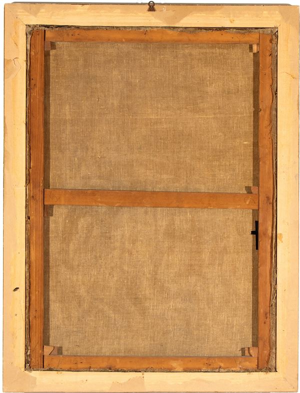 Condizioni: dipinto rifoderato, piccolo taglio sul fondo in basso lateralmente.
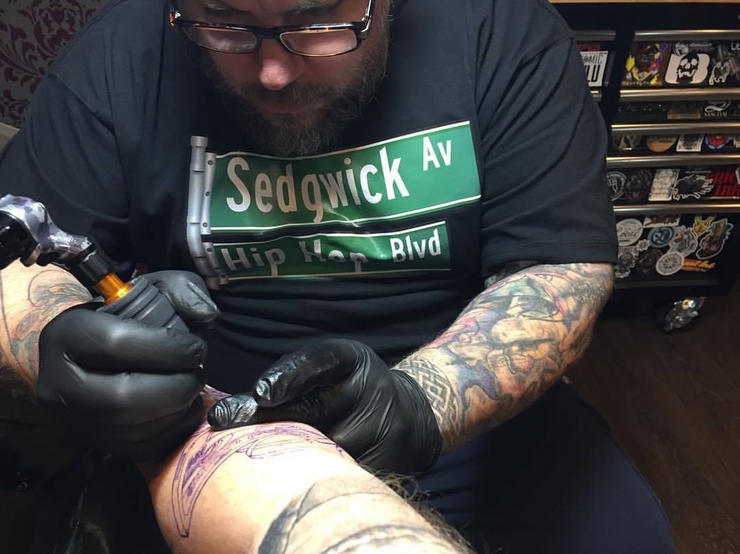 Artist Jay Eakin In the Hip Hop Blvd Tee Putting Some Ink on DJ Renz
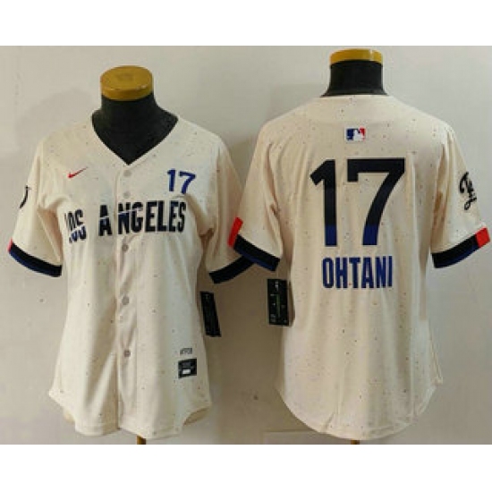>Women's Los Angeles Dodgers #17 Shohei Ohtani Cream 2024 City Connect Limited Jersey
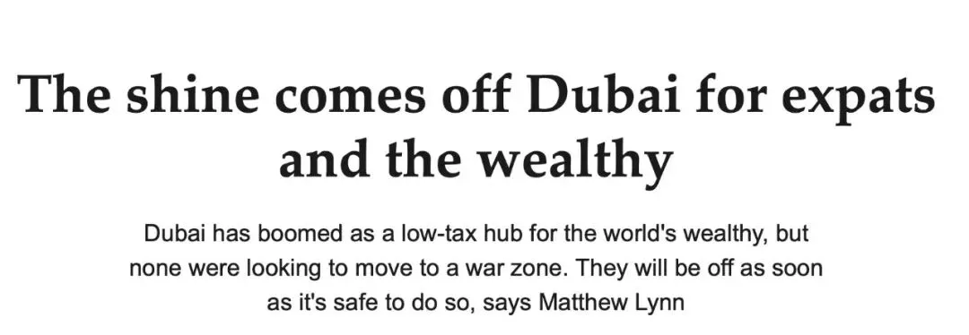 MoneyWeek评论指出,迪拜的创业型人口本身就具有高度流动性——这些人既然能离开原籍国选择迪拜,便同样可以再次离开迪拜,选择下一个目的地。
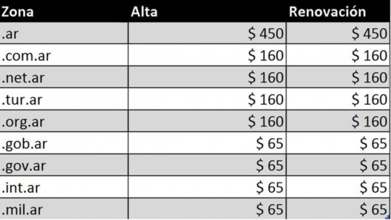 La novedad de la resolución 80/2013 es que se publicitaron los valores que habrá que abonar para tener un lugar en el mundo virtual. Los precios se diferencian de acuerdo a la terminación del dominio y varían si el trámite se realiza por primera vez o si se renueva un dominio existente.
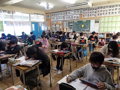 1組は社会の様子を紹介します。アメリカ・中国・ブラジルの3ヵ国について、教科書やタブレット、地図帳を使って調べています。ブラジルのような遠い国でも、日本とのつながりがあることを知り、チームで意見交換をしました。
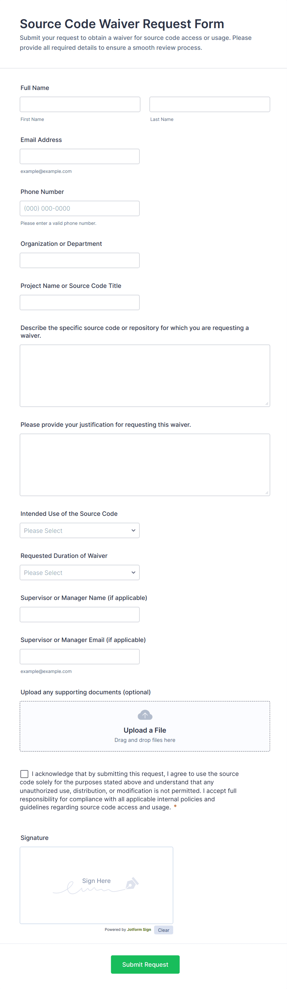 Leveraging Jotform’s powerful online form builder, users can easily create and customize IT Request Forms to fit their organization’s unique workflows. With Jotform’s intuitive drag-and-drop interface, no coding skills are required to add fields, set up conditional logic, or integrate with other business tools. Submissions are automatically organized and stored securely, making it simple for IT teams to manage requests, prioritize tasks, and communicate updates. Whether you’re a small business or a large enterprise, Jotform’s IT Request Forms can help you streamline IT service management and improve response times.
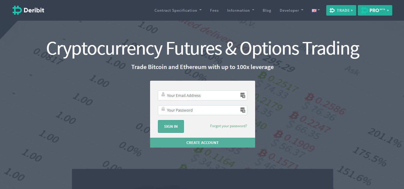 Deribit is a platform where you can trade BTC and ETH options and futures contracts with leverage up to 100x. It launched in June 2016 and is based from the Netherlands.
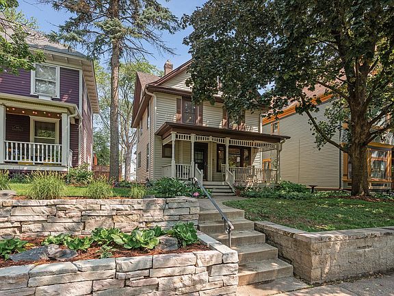 Situated on a gorgeous tree-lined street, this charming turn-of-the century home has great curb appeal and has been lovingly updated throughout. The main floor features a classic front porch, welcoming foyer, nine-foot ceilings, original woodwork, including beautiful wood columns, a built-in buffet and hardwood floors, a renovated kitchen with quartz countertops, tiled backsplash, crown molding, and stainless steel appliances, formal dining room with a large picture window overlooking the backyard, a half bath with marble floor, and a fantastic screen porch. Upstairs you'll find four bedrooms with refinished hardwood floors, updated full bath, and access to the bright, spacious family room on the third floor. The large, fully-fenced backyard is home to many perennials and leads to a two-stall garage. Updated electrical, insulation, radon mitigation, mini-split air conditioning, and a new roof in 2024. Amazing location only two blocks to Summit Avenue and three blocks to great shopping and restaurants on Grand Avenue.
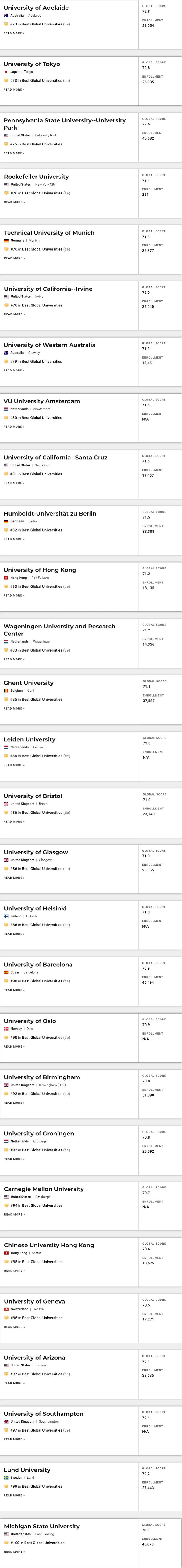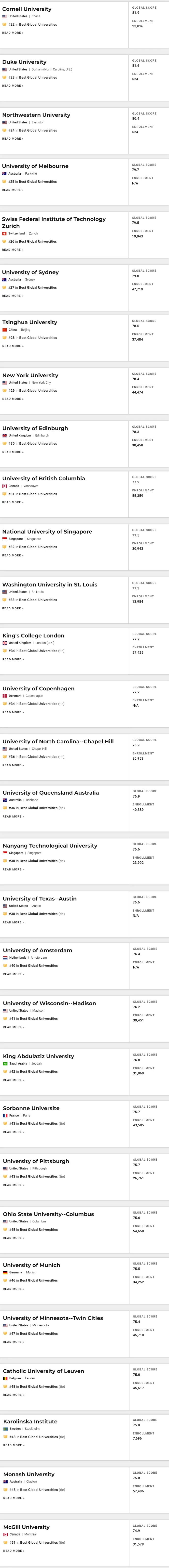 21.加州大学圣地亚哥分校(UCSD)、 22.康奈尔大学、 23.杜克大学、 24.西北大学 、25.墨尔本大学
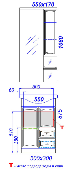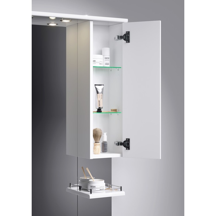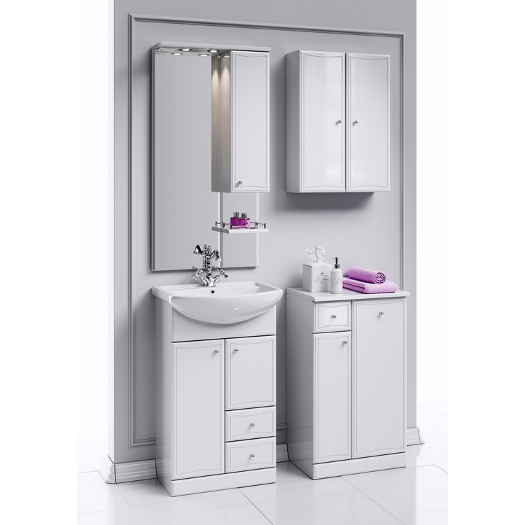 Комплектация: полочка, шкафчик, светодиодная подсветка, выключатель, розетка
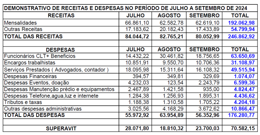 Reproduzimos abaixo os balancetes referentes aos meses de julho, agosto e setembro. O quadro é uma reprodução do resumo das receitas e despesas do período mencionado. Caso haja o interesse, o associado ou a associada poderá solicitar o acesso ao detalhamento dos números.

▶ Task description: Please return exactly the lines above, from where the listing starts to the line holding "La novedad de", inclusive, with the pictures omitted.

▶ Result for this task:
 Condizioni: dipinto rifoderato, piccolo taglio sul fondo in basso lateralmente.
 Artist Jay Eakin In the Hip Hop Blvd Tee Putting Some Ink on DJ Renz
>Women's Los Angeles Dodgers #17 Shohei Ohtani Cream 2024 City Connect Limited Jersey
 MoneyWeek评论指出,迪拜的创业型人口本身就具有高度流动性——这些人既然能离开原籍国选择迪拜,便同样可以再次离开迪拜,选择下一个目的地。
 La novedad de la resolución 80/2013 es que se publicitaron los valores que habrá que abonar para tener un lugar en el mundo virtual. Los precios se diferencian de acuerdo a la terminación del dominio y varían si el trámite se realiza por primera vez o si se renueva un dominio existente.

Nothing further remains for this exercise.